--- START ---
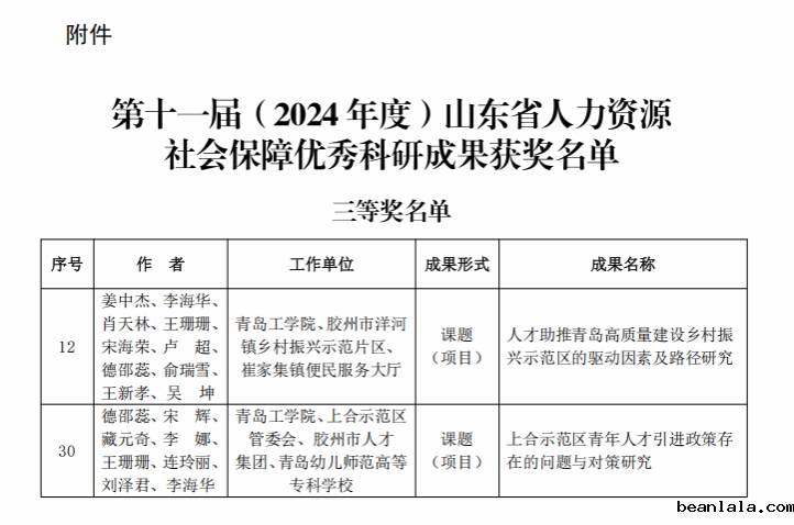 近日,山东省人力资源和社会保障厅公布了第十一届(2024年度)山东省人力资源社会保障优秀科研成果评选结果,世界杯平台喜获课题(项目)类三等奖2项,标志着学校在人力资源社会保障与地方发展融合研究领域取得重要突破,为区域高质量发展提供智力支撑的能力得到省级权威认可。
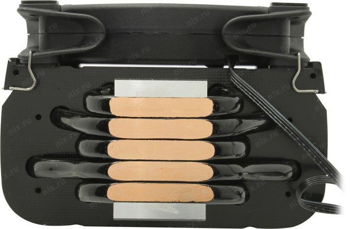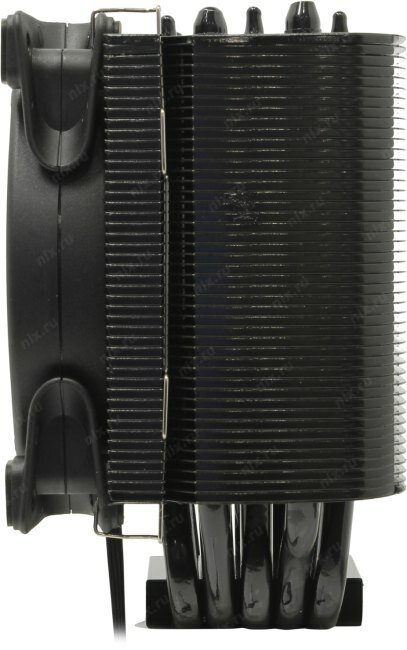 | Плюсы: | Высокий TDP, высокая эффективность. Тихий вентилятор. Достаточно плоское основание. 5 трубок толщиной 8мм. Боковые стенки закрыты. Прорезь в середине для обдува VRM.
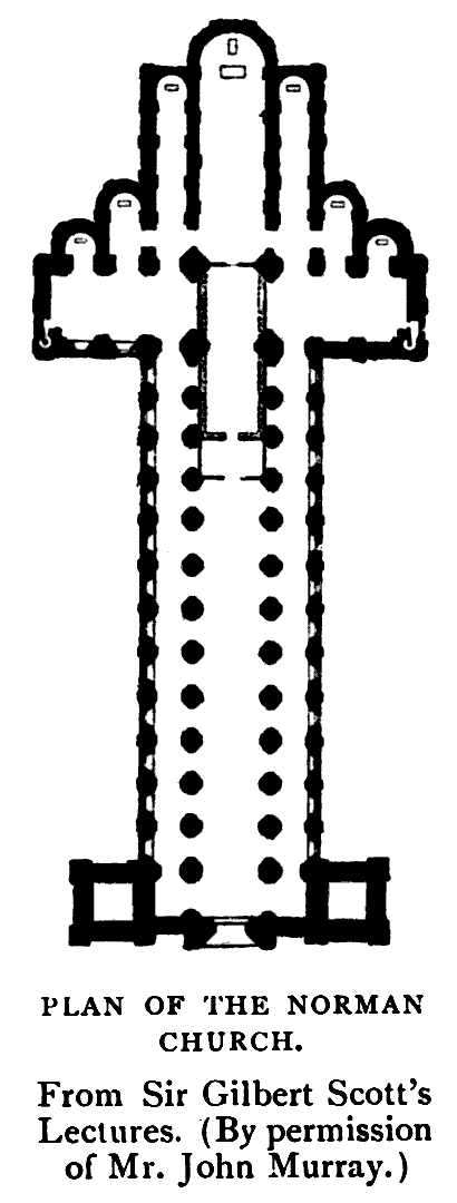 We can form a good idea of this Norman church. It was like several of the other cathedral and abbey churches built at the same time, of vast size, far grander than their prototype in Normandy, St. Stephen's at Caen. The following table gives approximately the dimensions of some of these churches:
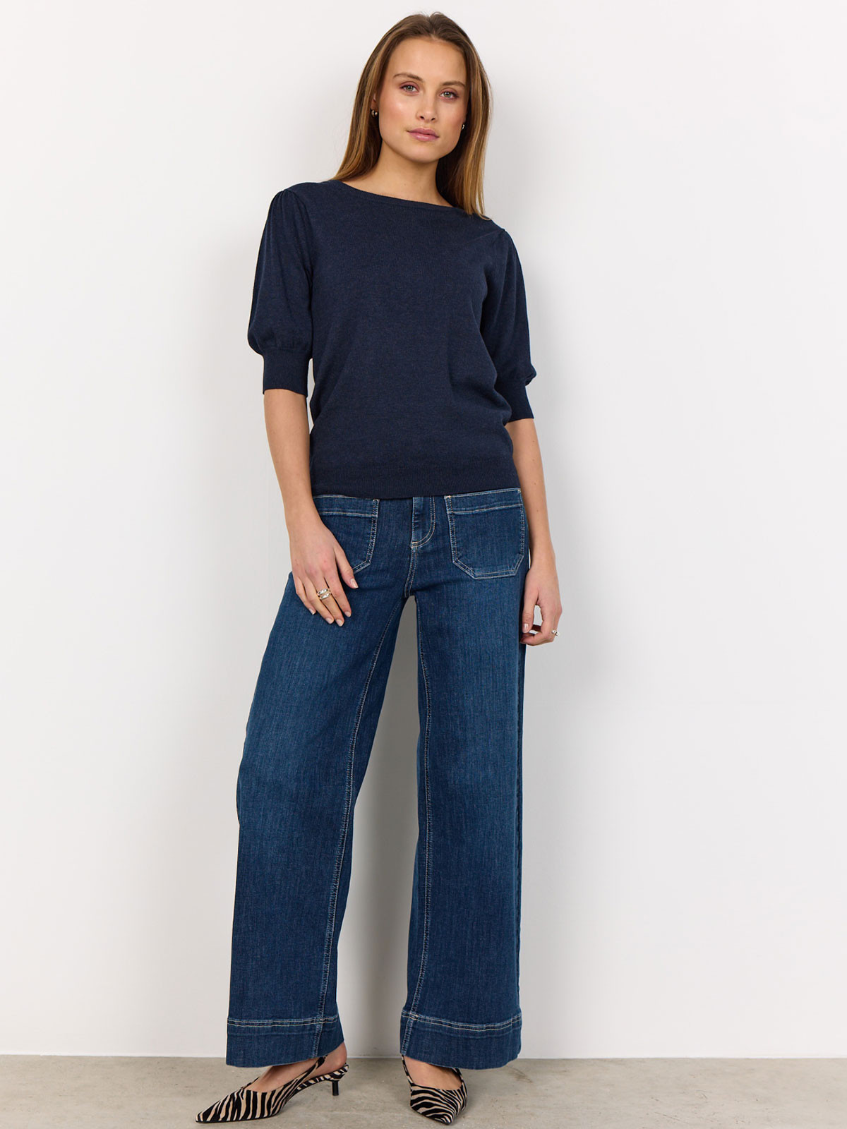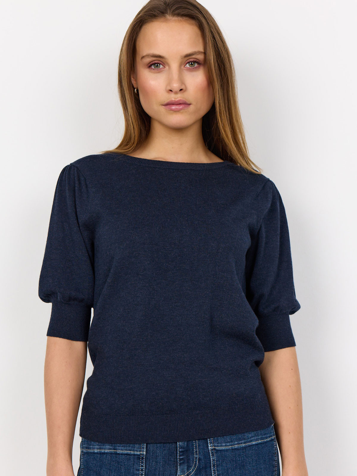 Finstickad Topp Dollie melerad marin från SoyaConcept
--- END ---
» **What the exercise asks**: Output the lines above verbatim, images excluded.

» **Expected answer**:
 近日,山东省人力资源和社会保障厅公布了第十一届(2024年度)山东省人力资源社会保障优秀科研成果评选结果,世界杯平台喜获课题(项目)类三等奖2项,标志着学校在人力资源社会保障与地方发展融合研究领域取得重要突破,为区域高质量发展提供智力支撑的能力得到省级权威认可。
 | Плюсы: | Высокий TDP, высокая эффективность. Тихий вентилятор. Достаточно плоское основание. 5 трубок толщиной 8мм. Боковые стенки закрыты. Прорезь в середине для обдува VRM.
 We can form a good idea of this Norman church. It was like several of the other cathedral and abbey churches built at the same time, of vast size, far grander than their prototype in Normandy, St. Stephen's at Caen. The following table gives approximately the dimensions of some of these churches:
 Finstickad Topp Dollie melerad marin från SoyaConcept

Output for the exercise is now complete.